NEPA Clean Energy Review Analysis

NEPA Clean Energy Environmental Review Analysis

Client: Clean Air Task Force | Jan 2026–Present

The Research Problem

Federal clean energy projects — wind, solar, transmission — must complete environmental reviews under the National Environmental Policy Act (NEPA) before breaking ground. These reviews can take years and run to thousands of pages, creating a significant bottleneck for the clean energy transition. But because NEPA documents are unstructured text scattered across federal agencies, no one had systematically measured how long reviews actually take, which agencies are the slowest, or which project types face the steepest delays.

The Clean Air Task Force — a leading clean energy policy nonprofit — needed that evidence base to make credible, agency-specific permitting reform recommendations to policymakers and funders.

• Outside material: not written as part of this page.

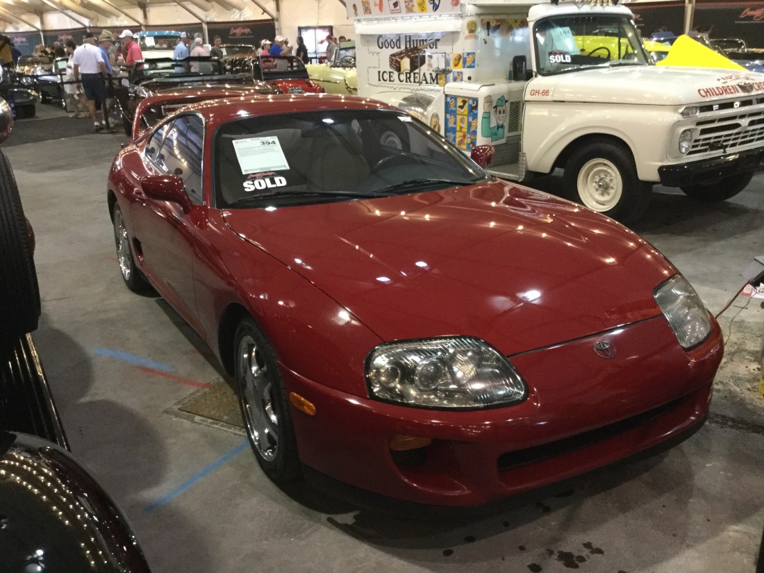 This is a ’93 Toyota Supra that was at the 2019 Barrett-Jackson Auction in Palm Beach. The Toyota Supra is a sports car that was originally made between 1978 and 2002. This is a Mark IV (A80), which was made between April 1993 and August of 2002. The engine is the 2JZ-GTE, which is a 3 liter twin turbo straight-6 that produces 320 horsepower and 315 pound-feet of torque. The transmission is a 6-speed manual. This car does 0-60 mph in 4.6 seconds and has a top speed of 155 mph. This Supra was auctioned off for $34,100.
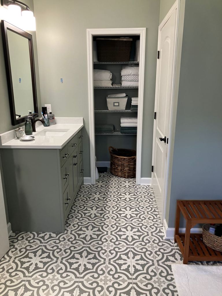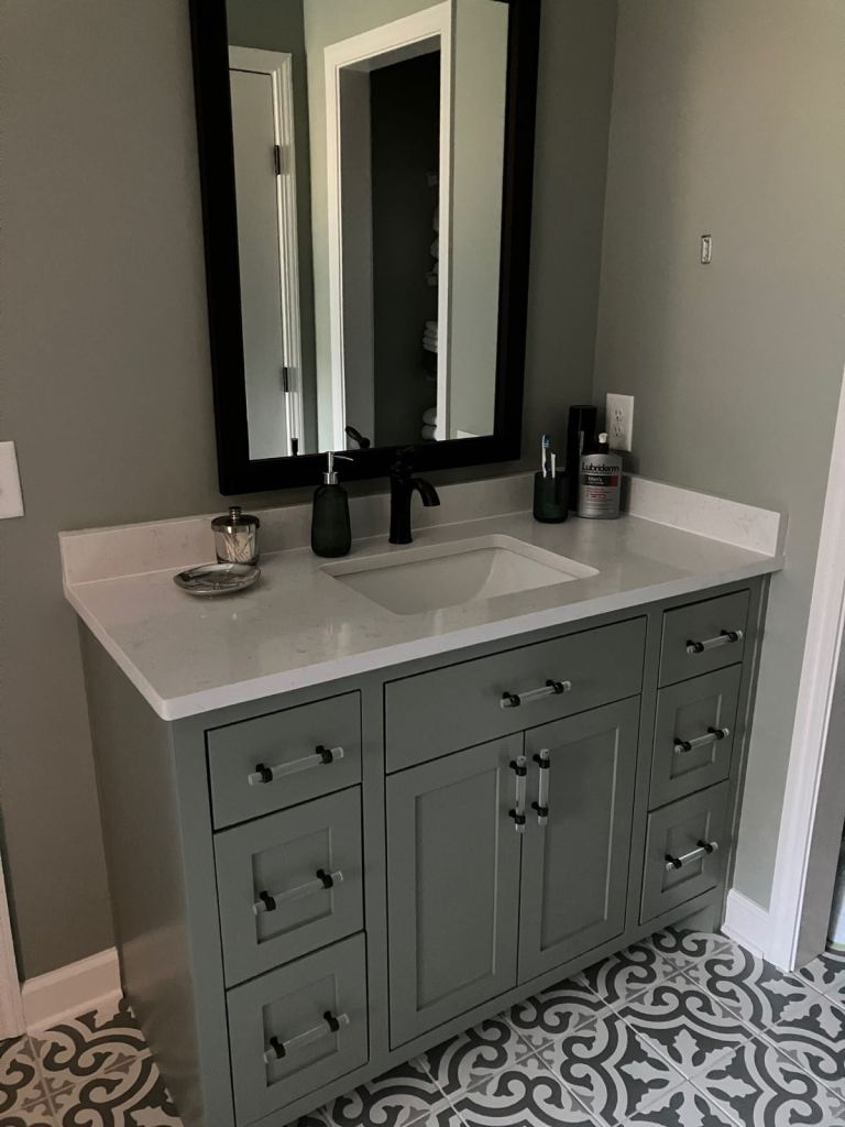 - Vanities – Sherwin Williams Emerald Trim Paint – Evergreen Fog Satin

Client Work: From Research Questions to Deliverables

Working directly with CATF researchers, I led the full arc of the project:

Scoped the research questions collaboratively with CATF, translating high-level policy goals (“what’s slowing clean energy permitting?”) into measurable, answerable questions about review timelines, agency behavior, and project characteristics
Identified and acquired the data, integrating the PNNL NEPATEC 2.0 corpus (120,000+ NEPA documents) with Federal Register API data and targeted web scraping to build a comprehensive project-level dataset
Delivered phased findings across six structured deliverables, each mapped to a specific CATF research priority — from baseline timeline benchmarks to multi-agency coordination patterns
Communicated results to non-technical stakeholders, presenting findings and strategic recommendations in stakeholder presentations and a public-facing analytics site
Built reusable infrastructure so CATF can extend the analysis independently as new documents are added

NLP & Machine Learning Pipeline

The core technical challenge was turning raw, inconsistently formatted text documents into structured data at scale.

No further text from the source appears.